[Records from a dataset]
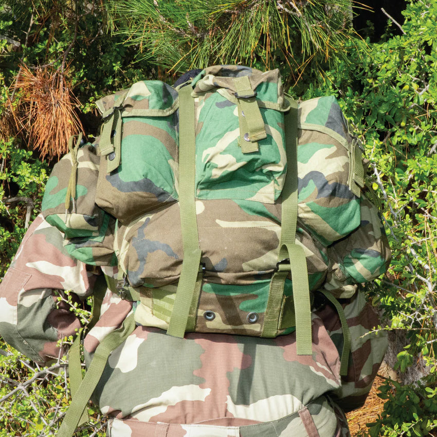 Constructed from heavy-duty nylon Cordura canvas in the M81 Woodland camouflage pattern, this large field pack features a top-loading main compartment with a cinch cord, plus three external pockets with dome closures. These do not come with a frame or lumbar belt but are compatible with the US ALICE frame, which would increase the load-bearing ability.
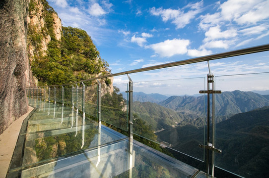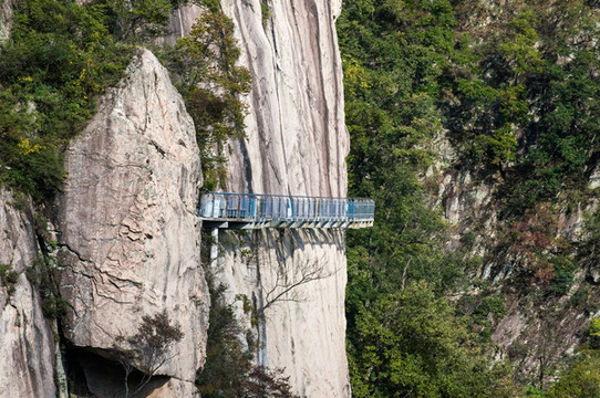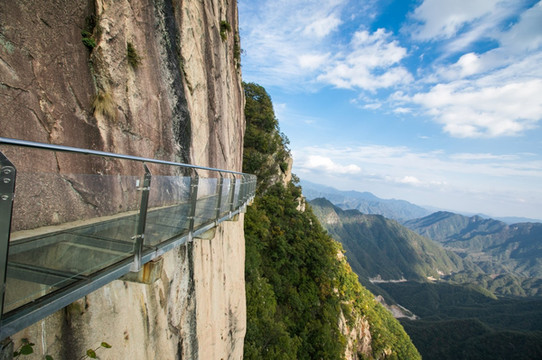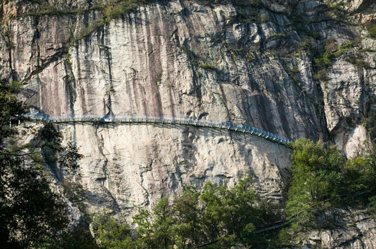走过九龙天桥再步行一段距离,我们前往另外一个极具挑战的景点,就是悬挂在悬崖峭壁上的玻璃栈道。
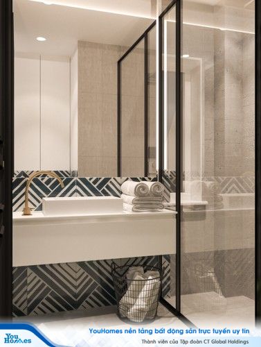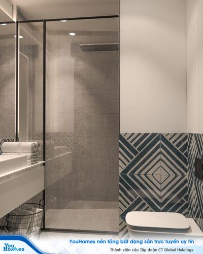 Một khu vực mà chủ nhà cũng rất hài lòng về sự lựa chọn và mắt thẩm mỹ của mình. Đó chính là phòng tắm. Phòng tắm lại có tông màu rất khác với các phòng khác, nó lại mang tông màu chủ đạo chính là trắng và đen. Trên tường được ốp đá hoa có hoạ tiết dọc đen mang lại vẻ độc đáo cho phòng tắm.
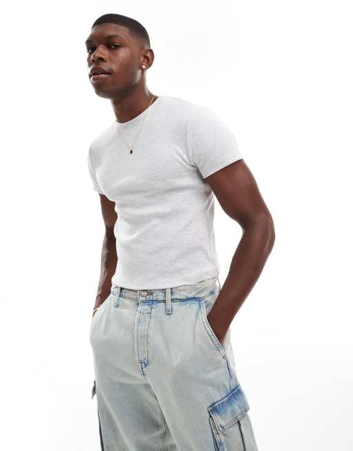Camiseta corta gris jaspeado ajustada de ASOS DESIGN
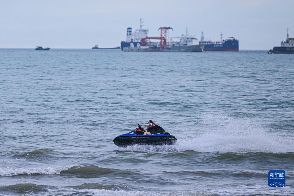 游客在海南省三亚市三亚湾体验水上项目(8月30日摄)。三亚湾位于海南省三亚市主城区南部,海域面积75平方千米,是三亚市作为著名旅游目的地的重要资源依托。
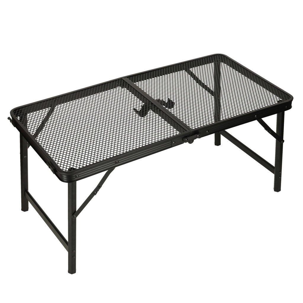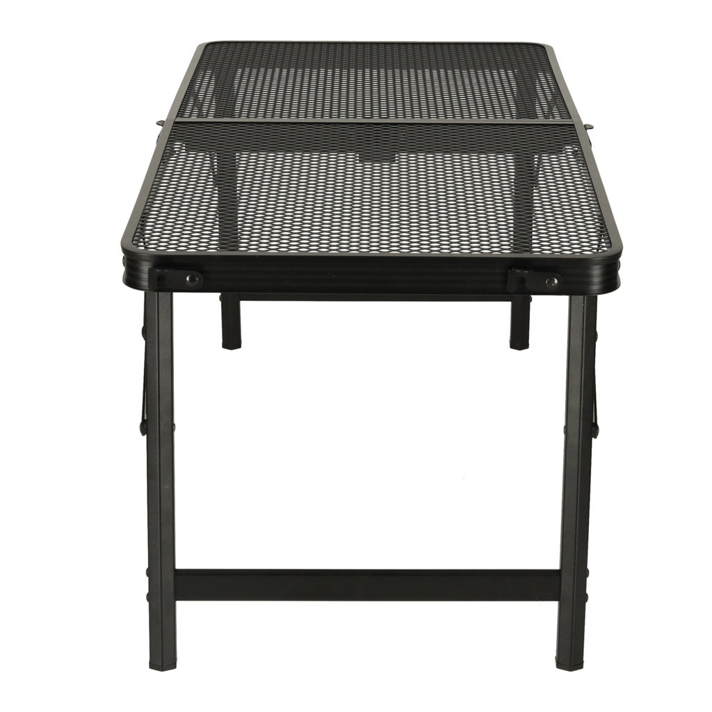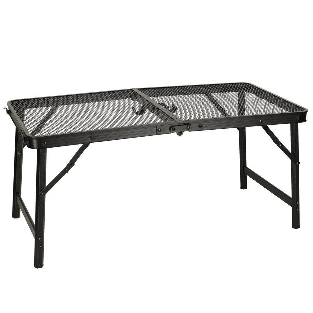 TRWAŁOŚĆ I STABILNOŚĆ W TERENIE - Aluminiowa rama odporna na rdzę i żelazny blat siatkowy zapewniają stabilność nawet na nierównym terenie. Antypoślizgowe nóżki oraz blokada przed złożeniem gwarantują bezpieczeństwo podczas użytkowania – idealne rozwiązanie na plażę, działkę, pod namiot i do ogrodu.
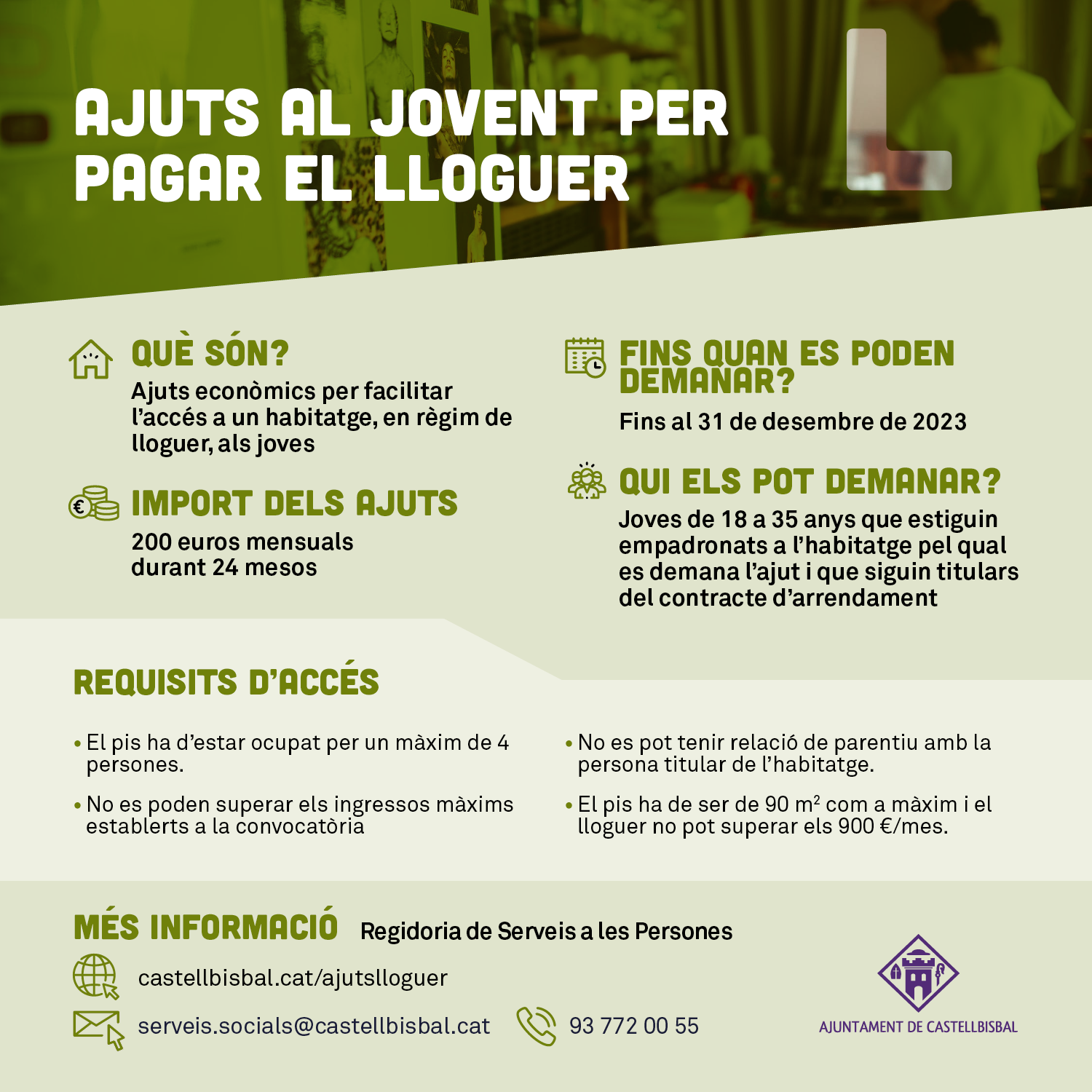L’Ajuntament de Castellbisbal atorga una subvenció econòmica per facilitar l’accés a un habitatge, en règim de lloguer, als joves d’entre 18 i 35 anys de Castellbisbal. La convocatòria per sol·licitar els ajuts es va obrir a inicis d’any i romandrà oberta fins al dia 31 de desembre.

* PROBLEM DESCRIPTION
What the answer must hold: all the data above, given again exactly, without pictures.

* SOLUTION FOR THIS TASK
 Constructed from heavy-duty nylon Cordura canvas in the M81 Woodland camouflage pattern, this large field pack features a top-loading main compartment with a cinch cord, plus three external pockets with dome closures. These do not come with a frame or lumbar belt but are compatible with the US ALICE frame, which would increase the load-bearing ability.
走过九龙天桥再步行一段距离,我们前往另外一个极具挑战的景点,就是悬挂在悬崖峭壁上的玻璃栈道。
 Một khu vực mà chủ nhà cũng rất hài lòng về sự lựa chọn và mắt thẩm mỹ của mình. Đó chính là phòng tắm. Phòng tắm lại có tông màu rất khác với các phòng khác, nó lại mang tông màu chủ đạo chính là trắng và đen. Trên tường được ốp đá hoa có hoạ tiết dọc đen mang lại vẻ độc đáo cho phòng tắm.
Camiseta corta gris jaspeado ajustada de ASOS DESIGN
 游客在海南省三亚市三亚湾体验水上项目(8月30日摄)。三亚湾位于海南省三亚市主城区南部,海域面积75平方千米,是三亚市作为著名旅游目的地的重要资源依托。
 TRWAŁOŚĆ I STABILNOŚĆ W TERENIE - Aluminiowa rama odporna na rdzę i żelazny blat siatkowy zapewniają stabilność nawet na nierównym terenie. Antypoślizgowe nóżki oraz blokada przed złożeniem gwarantują bezpieczeństwo podczas użytkowania – idealne rozwiązanie na plażę, działkę, pod namiot i do ogrodu.
L’Ajuntament de Castellbisbal atorga una subvenció econòmica per facilitar l’accés a un habitatge, en règim de lloguer, als joves d’entre 18 i 35 anys de Castellbisbal. La convocatòria per sol·licitar els ajuts es va obrir a inicis d’any i romandrà oberta fins al dia 31 de desembre.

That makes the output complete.